I want x,y to be maintained and latitude and longitude to be in the start and end ranges as in the example. I don’t really understand why this is happening.

Thank you for your attention.

For reference, I attach the data source and initial data.
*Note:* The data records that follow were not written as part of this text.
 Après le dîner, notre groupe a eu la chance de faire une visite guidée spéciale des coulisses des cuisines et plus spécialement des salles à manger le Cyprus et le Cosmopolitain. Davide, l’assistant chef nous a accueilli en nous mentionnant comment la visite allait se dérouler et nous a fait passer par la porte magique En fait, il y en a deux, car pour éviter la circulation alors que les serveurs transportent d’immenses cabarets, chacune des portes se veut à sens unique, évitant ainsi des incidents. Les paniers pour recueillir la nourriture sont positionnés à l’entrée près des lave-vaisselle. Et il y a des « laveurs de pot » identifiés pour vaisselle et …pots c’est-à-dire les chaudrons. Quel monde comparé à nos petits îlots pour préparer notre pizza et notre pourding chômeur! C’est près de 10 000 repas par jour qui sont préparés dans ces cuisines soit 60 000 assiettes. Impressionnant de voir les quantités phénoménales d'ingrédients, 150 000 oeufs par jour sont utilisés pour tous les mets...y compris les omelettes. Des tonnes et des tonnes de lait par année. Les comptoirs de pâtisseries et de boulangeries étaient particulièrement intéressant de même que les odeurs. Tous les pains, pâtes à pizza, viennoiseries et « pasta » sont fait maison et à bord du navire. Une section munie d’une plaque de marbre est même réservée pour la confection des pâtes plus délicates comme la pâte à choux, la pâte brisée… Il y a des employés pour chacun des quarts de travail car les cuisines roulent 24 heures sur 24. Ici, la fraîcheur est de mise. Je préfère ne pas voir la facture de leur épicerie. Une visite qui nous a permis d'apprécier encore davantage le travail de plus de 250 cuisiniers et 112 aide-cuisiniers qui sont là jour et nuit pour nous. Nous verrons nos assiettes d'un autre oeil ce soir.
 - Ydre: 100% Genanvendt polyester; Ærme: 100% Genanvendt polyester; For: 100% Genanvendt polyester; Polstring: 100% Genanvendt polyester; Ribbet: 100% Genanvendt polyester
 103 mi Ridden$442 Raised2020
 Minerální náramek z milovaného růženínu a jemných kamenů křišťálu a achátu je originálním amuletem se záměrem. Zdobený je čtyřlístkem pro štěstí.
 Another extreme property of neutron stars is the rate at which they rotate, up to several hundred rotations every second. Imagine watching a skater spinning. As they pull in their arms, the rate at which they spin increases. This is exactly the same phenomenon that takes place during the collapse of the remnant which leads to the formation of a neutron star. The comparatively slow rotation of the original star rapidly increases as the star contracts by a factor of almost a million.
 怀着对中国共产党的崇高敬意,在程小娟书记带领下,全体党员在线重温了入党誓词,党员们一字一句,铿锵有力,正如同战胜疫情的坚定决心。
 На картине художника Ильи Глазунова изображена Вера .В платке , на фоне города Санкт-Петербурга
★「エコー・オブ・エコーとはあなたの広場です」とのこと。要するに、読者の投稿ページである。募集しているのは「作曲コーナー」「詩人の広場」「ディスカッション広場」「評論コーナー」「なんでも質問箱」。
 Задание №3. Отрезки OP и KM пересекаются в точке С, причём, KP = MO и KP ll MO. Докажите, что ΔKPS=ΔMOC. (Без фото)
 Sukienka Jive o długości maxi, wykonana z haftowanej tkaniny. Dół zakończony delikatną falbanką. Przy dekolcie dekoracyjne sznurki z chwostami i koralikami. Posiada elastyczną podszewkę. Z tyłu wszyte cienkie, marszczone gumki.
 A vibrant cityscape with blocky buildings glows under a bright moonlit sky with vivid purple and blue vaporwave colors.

Data source : LDAPS Data from KMA

Full NC data(initial data)

<xarray.Dataset>
Dimensions:            (time: 1, x: 602, y: 781)
Coordinates:
* y                  (y) float64 0.0 1.5e+03 3e+03 ... 1.168e+06 1.17e+06
* x                  (x) float64 0.0 1.5e+03 3e+03 ... 9e+05 9.015e+05
latitude           (y, x) float64 ...
longitude          (y, x) float64 ...
* time               (time) datetime64[ns] 2019-04-04
Data variables:
DZDT_1000mb        (time, y, x) float32 ...
DZDT_975mb         (time, y, x) float32 ...
...
DZDT_70mb          (time, y, x) float32 ...
DZDT_50mb          (time, y, x) float32 ...
UGRD_1000mb        (time, y, x) float32 ...
VGRD_1000mb        (time, y, x) float32 ...
UGRD_975mb         (time, y, x) float32 ...
VGRD_975mb         (time, y, x) float32 ...
...
UGRD_70mb          (time, y, x) float32 ...
VGRD_70mb          (time, y, x) float32 ...
UGRD_50mb          (time, y, x) float32 ...
VGRD_50mb          (time, y, x) float32 ...
HGT_1000mb         (time, y, x) float32 ...
HGT_975mb          (time, y, x) float32 ...
...
HGT_70mb           (time, y, x) float32 ...
HGT_50mb           (time, y, x) float32 ...
TMP_1000mb         (time, y, x) float32 ...
TMP_975mb          (time, y, x) float32 ...
...
TMP_70mb           (time, y, x) float32 ...
TMP_50mb           (time, y, x) float32 ...
var0_1_194_1000mb  (time, y, x) float32 ...
var0_1_194_975mb   (time, y, x) float32 ...
...
var0_1_194_70mb    (time, y, x) float32 ...
var0_1_194_50mb    (time, y, x) float32 ...
RH_1000mb          (time, y, x) float32 ...
RH_975mb           (time, y, x) float32 ...
...
RH_70mb            (time, y, x) float32 ...
RH_50mb            (time, y, x) float32 ...
Attributes:
Conventions:          CF-1.0
History:              created by wgrib2
GRIB2_grid_template:  30

Solution

  • Notice that the metpy_crs identified in your dataset from .metpy.parse_cf() is given as Projection: latitude_longitude, which is not correct, as your dataset has 2D latitude/longitude coordinates with 1D y/x coordinates in a projected grid space. This is likely triggered by your dataset's metadata not being CF-compliant. At it is now, because of this, MetPy is treating your x coordinate as if it were longitude and y as if it were latitude (notice the ranges in those coordinates), even though they are not. The outcome here is definitely far from ideal (no error message or anything), so I'd recommend submitting an issue on MetPy's issue tracker.

    To directly fix your issue, you will need to manually specify the CRS/projection of your data. To do so (in MetPy v1.0 and later), use the assign_crs method on MetPy's Dataset accessor instead of using parse_cf (which only works for CF-compliant datasets).